Impeding Impunity: Lebanon’s Explosive Politics

Its buildings pockmarked with fresh bullets, Beirut now hangs in a tense state of limbo. Last Wednesday, a demonstration organized by Shia Muslim groups broke into gunfire, killing seven with dozens more injured. The events signal rising tensions that started fourteen months ago by a port explosion, in which a fire triggered the detonation of 2,750 tonnes of ammonium nitrate, killing more than 200 civilians. At the time, promises were made by political officials for accountability, which took the form of a judge-led inquiry.

Now begun, many politicians vehemently oppose the purportedly biased probe. Ali Hassan Khalil, a former finance minister, and Ghazi Zaiter, a former public works minister, lie at the heart of the controversy. Both are MPs with the Shia Muslim Amal party, allies of the powerful Hezbollah movement, who, among others, have been accused of negligence about the explosion. They deny any wrongdoing and have filed complaints against Judge Tarek Bitar, whose resignation Shia protestors were demanding last Wednesday.

Hezbollah and Amal blamed an opposition Christian faction, the Lebanese Forces (LF), for Wednesday’s crossfire. However, LF leader Samir Geagea condemned the violence and claimed on Twitter that “the main cause of these developments lies in the presence of uncontrolled and widespread weapons.” Commentators have warned that recent developments should not go overlooked nor underestimated. Writing in Carnegie’s Mideast blog, Michael Young cautioned a worsening of relations that could “take the country into a much darker period than the one that exists today.” Furthermore, speaking to the BBC, Kim Ghattas implored the international community to “speak out in pursuit of justice and accountability,” and that “those threatened with law and accountability before, have often resorted to violence to silence those calls.” Ghattas highlighted how the situation was likely to worsen before improving.

The investigation is viewed by Hezbollah and Amal as highly politicized, accusing it of focusing too narrowly on their allies. However, for a country also in the throes of a deep economic crisis with exorbitant inflation, and three-quarters of its population reduced to poverty, without power and lacking basic goods, time is of the essence.
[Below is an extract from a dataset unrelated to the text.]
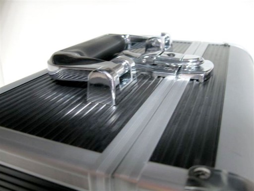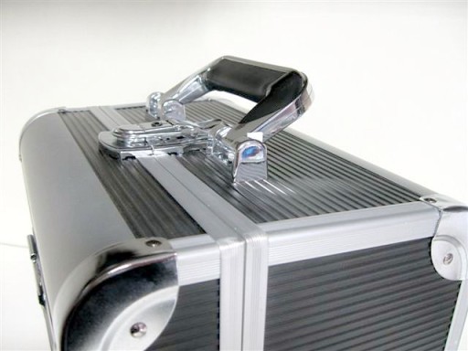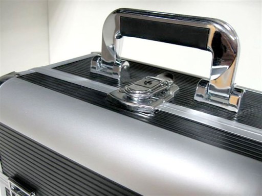 Kuferek CM 002 wykonany jest z czarnego materiału wykończony srebrnymi narożnikami po bokach. Dzięki temu kufer jest bardziej odporny na uszkodzenia.

The Court of Cassation, Lebanon’s supreme court, has rejected the complaints made towards Judge Bitar, who is not said to hold any political affiliations and has suggested he resume work. But pressure falls on the shoulders of the judge himself, as Ghazi Zaiter and Ali Hassan Khalil will regain parliamentary immunity when the house returns to session.

Revenge often assumes a cyclical pattern and these scenes, alas, are far from foreign to the Lebanese people. The 1989 Taif Agreement marked the beginning of the end of the Lebanese Civil War (1975-1990) which resulted in 120,000 deaths and an exodus of almost one million people. In 1991, all political crimes were pardoned and militia groups dissolved, except Hezbollah. At the same time, the LF began to slowly regroup as Lebanon’s only large non-sectarian institution.

The antagonists have until now held a common interest in maintaining the system, riddled with patronage and corruption, and managed to install at best a shaky peace. But Lebanon’s multifaceted and fragile political system balances power between its different sects, which, critics believe, has entrenched the political elite and stifled any hope of reform. Despite nationwide rallies in 2019, citizens rarely succeed in shaking the foundations of the ruling class. Now, army vehicles and barbed wire fences divide the predominantly Christian Ain el-Rumaneh and the Shiite Muslim Chiyah – bringing back memories of a West-East divide that once defined the war.

For now, Beirut is frozen in an uneasy truce. But with pent-up anger among many Lebanese, heated sectarian tension and a political class desperate to retain its privileged position, a descent into further violence loom worryingly on the horizon. Elections due to be held next spring provide the potential for change, and citizens remain optimistic that the impunity granted to politicians will finally be impeded. For the moment, however, the opposition possesses no viable political program or candidates who can challenge the political elite. After fourteen months, will justice become another causality of Beirut’s explosion?